→ What you should do
Reproduce the data in full, exactly as given, leaving images out.

→ Collected material
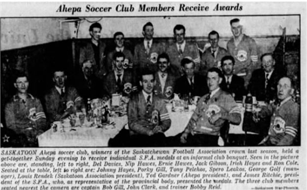 The team achieved a reputation as a “young, hustling club”. The Star Phoenix reported that during the regular season of play, the Ahepas out-scored their opponents - 38 goals against opponents to seven goals against Ahepa. They won the right to represent northern Saskatchewan in the provincial Dominion Football Association finals by beating the Army, Navy, and Air Force Rangers in three straight games. Before playing against the southern Saskatchewan representatives, the Regina Nationals, for the provincial championship, the Star-Phoenix reported that “most Second Avenue restaurateurs [were] backing the Ahepas” and speculated that if the Ahepas were victorious, “the celebration may call for ‘dinners on the house’ up and down Saskatoon’s main drag” (Saskatoon Star-Phoenix, June 28, 1949).
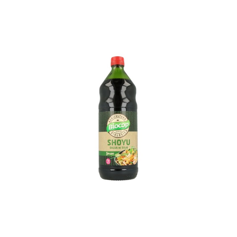 Salsa Soja Shoyu de Biocop con trigo de sabor suave y mediterráneo, ideal en la cocina.
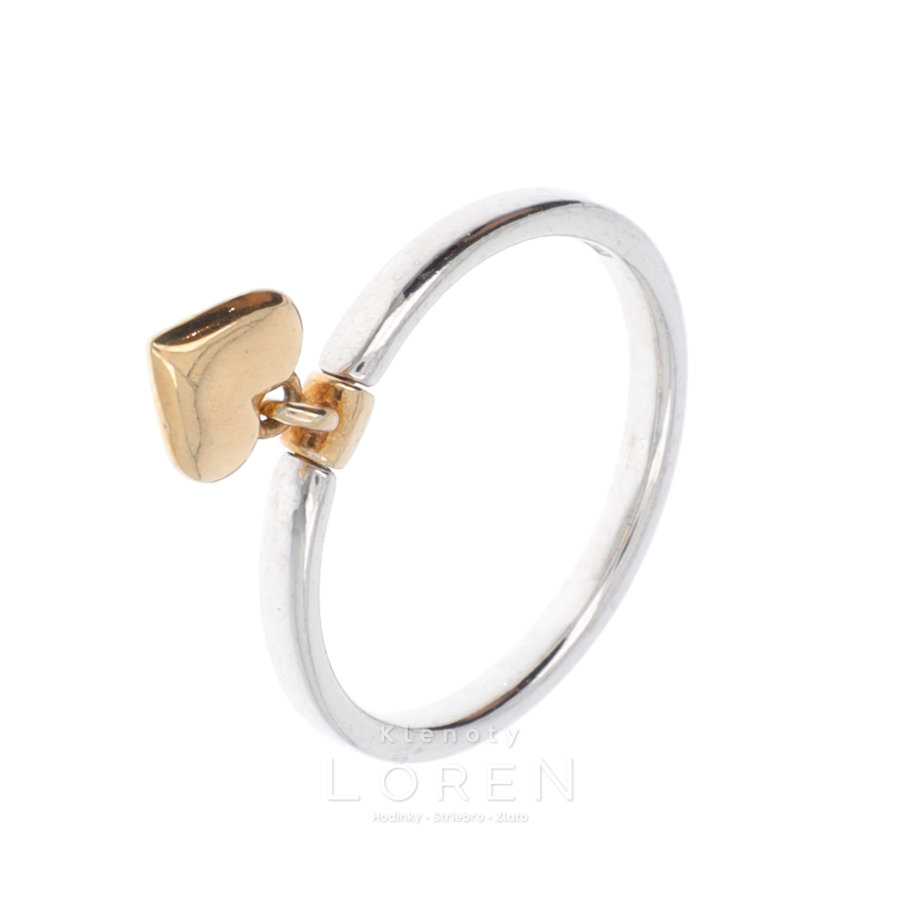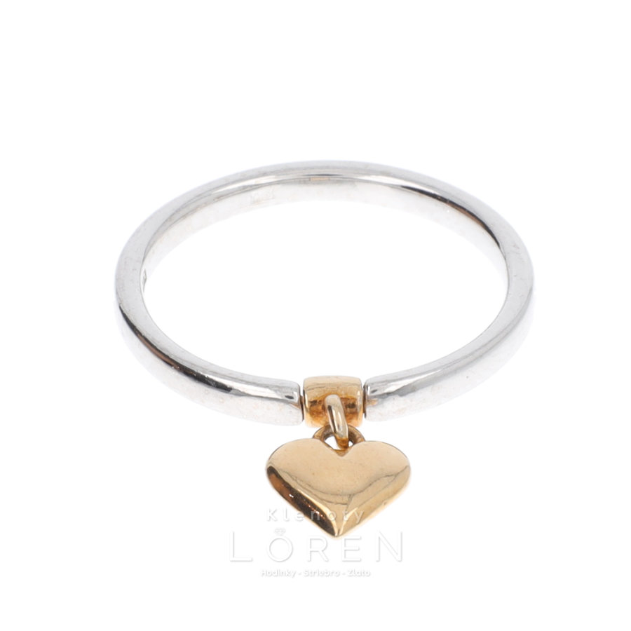 Dámsky strieborný prsteň s visiacim srdiečkom v pozlátenej povrchovej úprave.
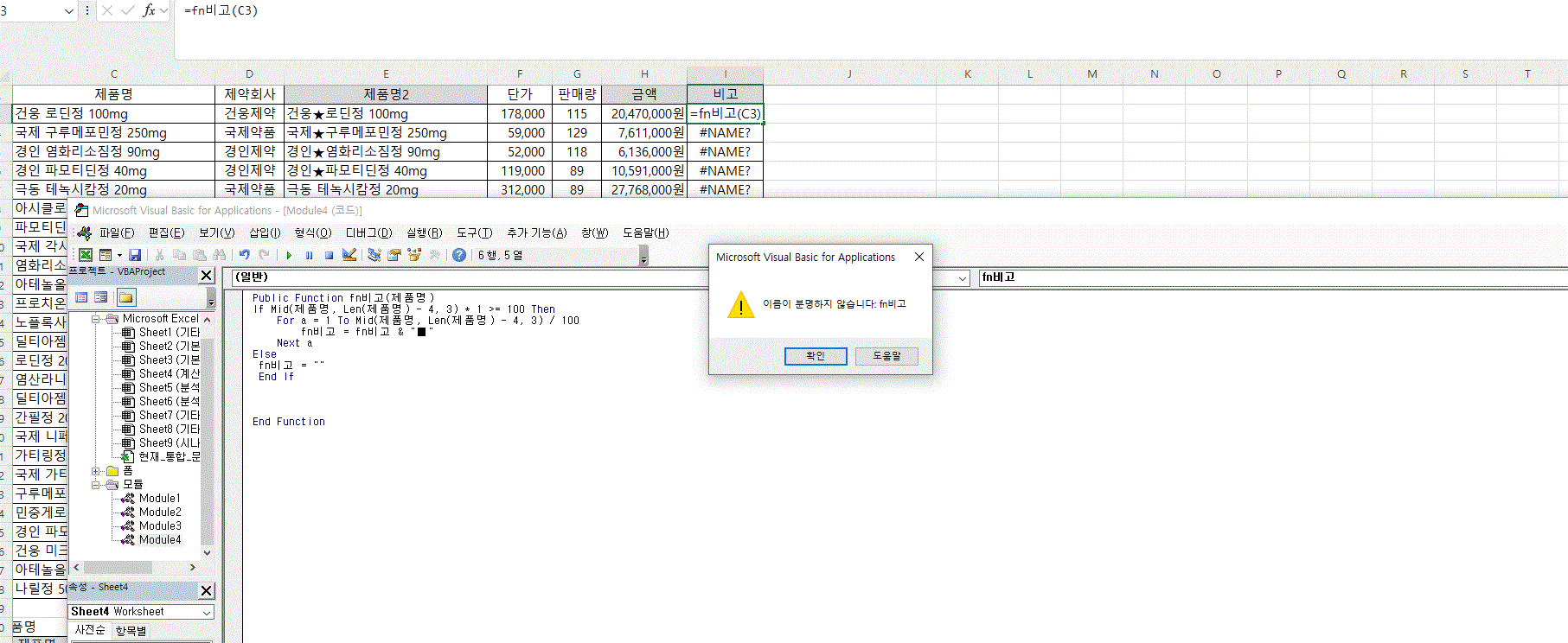 -사용자 정의 함수 코드 X fn비고이 정답과 다릅니다.

→ Solution for this task
 The team achieved a reputation as a “young, hustling club”. The Star Phoenix reported that during the regular season of play, the Ahepas out-scored their opponents - 38 goals against opponents to seven goals against Ahepa. They won the right to represent northern Saskatchewan in the provincial Dominion Football Association finals by beating the Army, Navy, and Air Force Rangers in three straight games. Before playing against the southern Saskatchewan representatives, the Regina Nationals, for the provincial championship, the Star-Phoenix reported that “most Second Avenue restaurateurs [were] backing the Ahepas” and speculated that if the Ahepas were victorious, “the celebration may call for ‘dinners on the house’ up and down Saskatoon’s main drag” (Saskatoon Star-Phoenix, June 28, 1949).
 Salsa Soja Shoyu de Biocop con trigo de sabor suave y mediterráneo, ideal en la cocina.
 Dámsky strieborný prsteň s visiacim srdiečkom v pozlátenej povrchovej úprave.
 -사용자 정의 함수 코드 X fn비고이 정답과 다릅니다.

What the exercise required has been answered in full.